Game of Thrones Finale Tyrion
“Game of Thrones”

But even with the first word in the show’s title, “Game of Thrones” was never going to be something “won” in a meaningful way. Yes, the prevailing attitude of “In the game of thrones, you win or you die” that seemed to guide so much of the series’ ethos doesn’t leave room for many happy endings. But the character who delivered those words is last seen under a sizable amount of rubble.

So, to paraphrase another power-minded figure from another corner of the monoculture, “Game of Thrones” let the past die. They killed it because they had to.

Was the destruction of the penultimate episode the most elegant way of making this frame shift feel like an inevitability? Perhaps not. There are undoubtedly some of these parting notes that don’t fully line up in harmony with everything around it. The one-two punch of seeing Jaime’s metal hand protruding from a pile of rocks and watching the wings of dragon look as if they’d sprouted from Dany’s own shoulders certainly felt like the precursor to a parade of on-the-nose endings that would have been interminable. And Sam delivering a written history to Tyrion, threatening to become the Ponyboy of the Six Kingdoms and institute a “The Outsiders”-style feedback loop where story and text loop onward for infinity, is its own level of winking tidiness.

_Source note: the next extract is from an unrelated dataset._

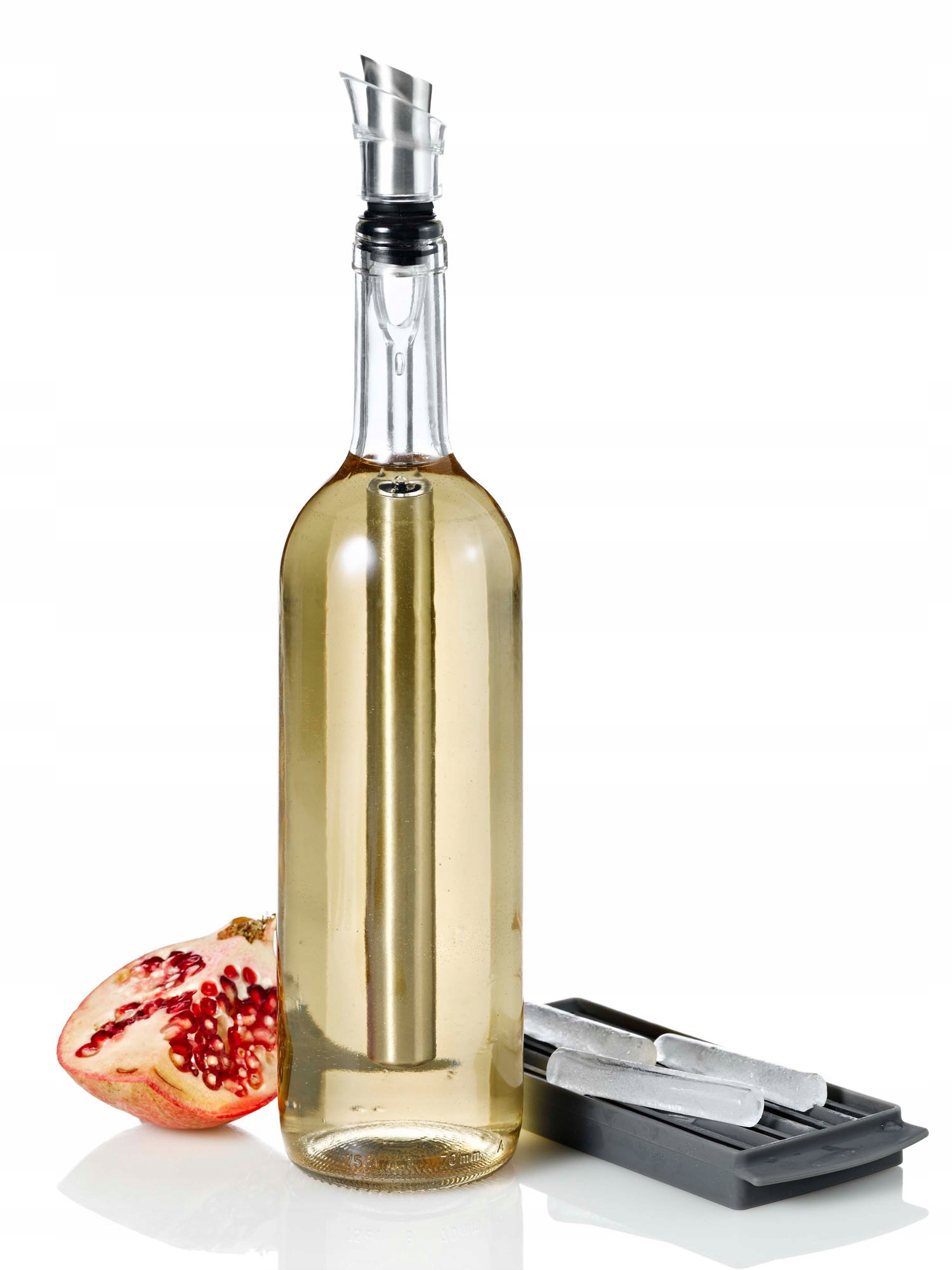 - 3. Кулер многоразовый - мы наполняем льдом, который мы готовим себя в прикрепленной силиконовой форме. В форме вы будете готовить 8 ледниковых палочек, чего достаточно для четырех домиков. Поместите ледяные палочки в металлический кулер в бутылку для вина.

But it’s through rejecting the easy sendoffs through most of what comes after that makes this the best installment of Season 8. For as much as the show has leaned on philosophical debates and backroom conversations that merely served to reintroduce plot details and underline thematic elements with a Longclaw-sized pen, this finale used its last minutes to offer up some powerful considerations of duty and honor and family. The subdued blend of melancholy and dark humor that ran through this series like a vein of gold plays out in that final summit of Davos, Bronn, Brienne, Sam, and Tyrion. Even down to adjusting the chairs around the table of advisors before they come in to rearrange things again, it’s in rejecting much of the pull of empty spectacle that makes this feels like a worthy farewell.

The assumption that “Game of Thrones” would end with an ultimate victor rarely entertained multiple notable figures left alive to share the spoils. In this, the waning moments of its story, “The Iron Throne” carved out space for a logical way for a split reign to feel righteous, if not completely earned in every respect. Still, the child whose fall marked the series’ first cut to black now sees over that same world’s fate. To complete the circle, the series ends in the forests of The North, where it began all those years ago. One last brushstroke of destiny. It’s almost impossible to imagine it ending any other way.